*** Opening of MATERIAL PROVIDED ***

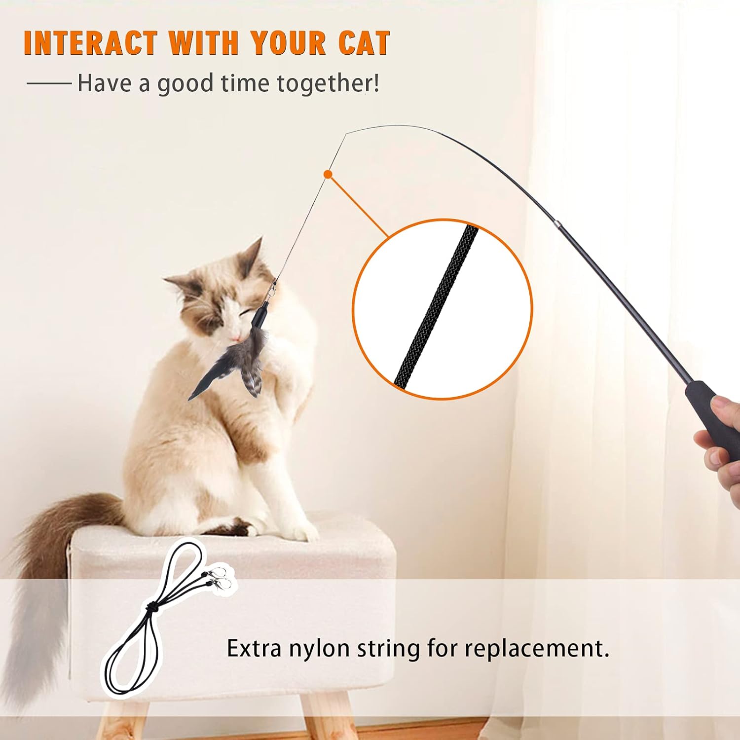 - 【TELESCOPIC POLE】 The cat toy wand can extend up to 38 inches, long distance can help save the hands from the cat's paw scratches. It's also can be contracted to 15 inches and make storage easy. This stick cat toy with a foam handle is lightweight and flexible which can make the hands more comfortable.
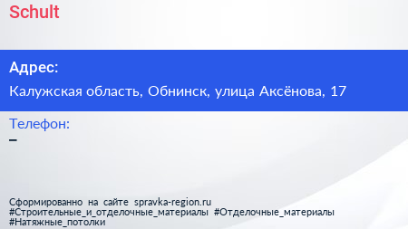Schult по адресу Калужская область, Обнинск, улица Аксёнова, 17 в дальнейшем Организация, размещена в следующих категориях:
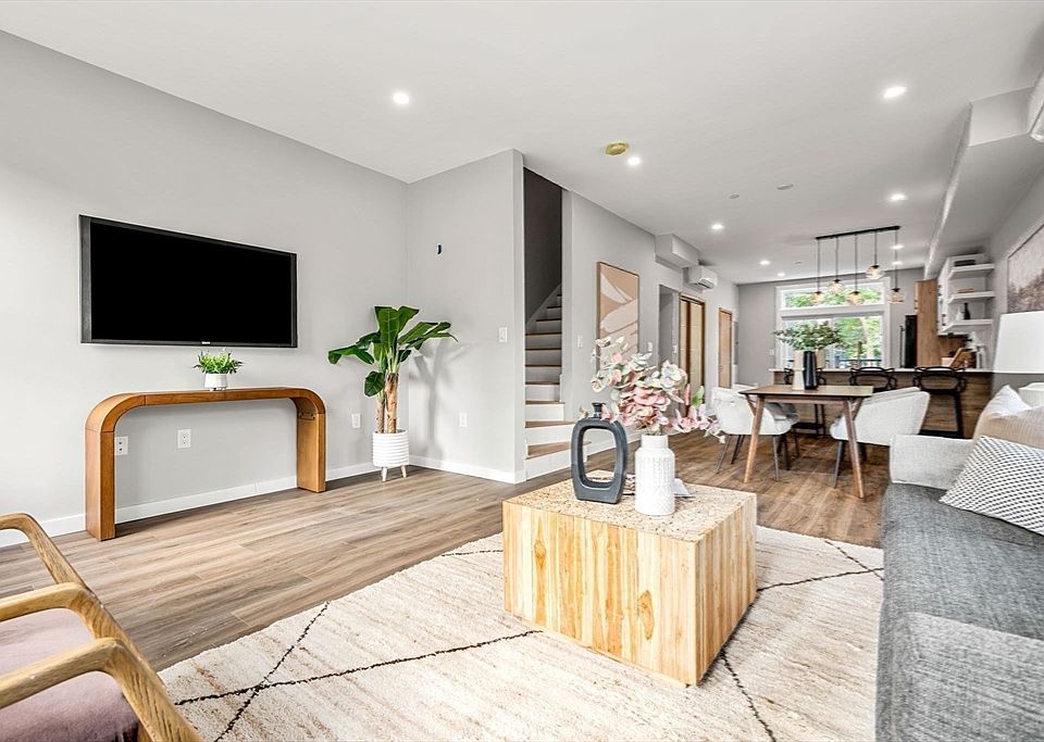 Don’t miss this stunning BRAND-NEW CONSTRUCTION townhouse! This 3-bedroom, 2.5-bath home is thoughtfully designed with an open floor plan that seamlessly blends style and functionality. The main level offers plenty of room for a formal dining area and a spacious living room. The contemporary kitchen stands out with its custom pot filler, sleek finishes, and a peninsula perfect for casual dining. Step outside to enjoy a private deck off the back, ideal for relaxing or entertaining. The second floor features two generously sized bedrooms and a beautifully designed full bathroom. The third floor is dedicated to the luxurious primary suite, which includes space for a king-sized bed, an office/den, and access to a private balcony with breathtaking city views. The ensuite bathroom boasts a custom shower stall and a large walk-in closet, creating a serene retreat. This unit also includes garage parking and a private paver patio! Near Nubian Sq, South Bay and everything Roxbury has to offer!
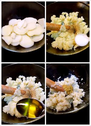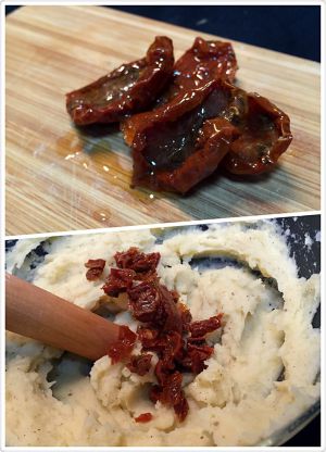 最后可以取4片油浸番茄切成小粒,拌入土豆泥中。
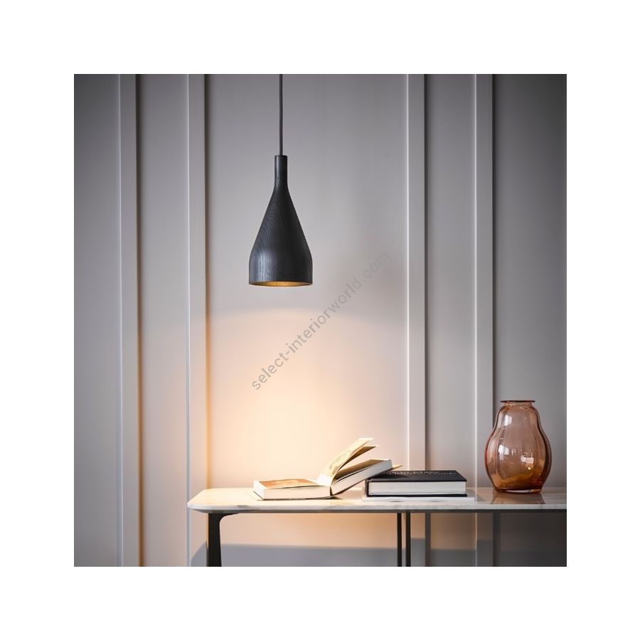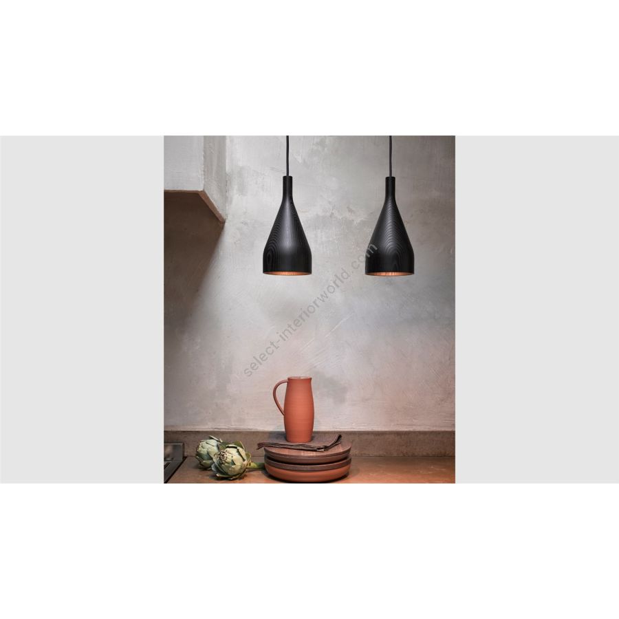 The Timber shade is expertly turned from a single piece of wood. For this collection, three high-quality varieties of wood are used: ash, oak and walnut. A subtle black paint is applied to the ash wood version, leaving the elegant wood lines visible. The cables come with a matching casing of black linen. The pendant light is assembled in the workshop of a social enterprise in The Hague by individuals who fall outside the labour market.

*** Close of MATERIAL PROVIDED ***

**THE TASK:**
Beginning with the first line of the records above, extract each line exactly through the line that holds "最后可以取4片油浸番茄切成小粒,拌入土豆泥中。", both ends included. Omit pictures.

**SOLUTION TO THE PROBLEM:**
 - 【TELESCOPIC POLE】 The cat toy wand can extend up to 38 inches, long distance can help save the hands from the cat's paw scratches. It's also can be contracted to 15 inches and make storage easy. This stick cat toy with a foam handle is lightweight and flexible which can make the hands more comfortable.
Schult по адресу Калужская область, Обнинск, улица Аксёнова, 17 в дальнейшем Организация, размещена в следующих категориях:
 Don’t miss this stunning BRAND-NEW CONSTRUCTION townhouse! This 3-bedroom, 2.5-bath home is thoughtfully designed with an open floor plan that seamlessly blends style and functionality. The main level offers plenty of room for a formal dining area and a spacious living room. The contemporary kitchen stands out with its custom pot filler, sleek finishes, and a peninsula perfect for casual dining. Step outside to enjoy a private deck off the back, ideal for relaxing or entertaining. The second floor features two generously sized bedrooms and a beautifully designed full bathroom. The third floor is dedicated to the luxurious primary suite, which includes space for a king-sized bed, an office/den, and access to a private balcony with breathtaking city views. The ensuite bathroom boasts a custom shower stall and a large walk-in closet, creating a serene retreat. This unit also includes garage parking and a private paver patio! Near Nubian Sq, South Bay and everything Roxbury has to offer!
 最后可以取4片油浸番茄切成小粒,拌入土豆泥中。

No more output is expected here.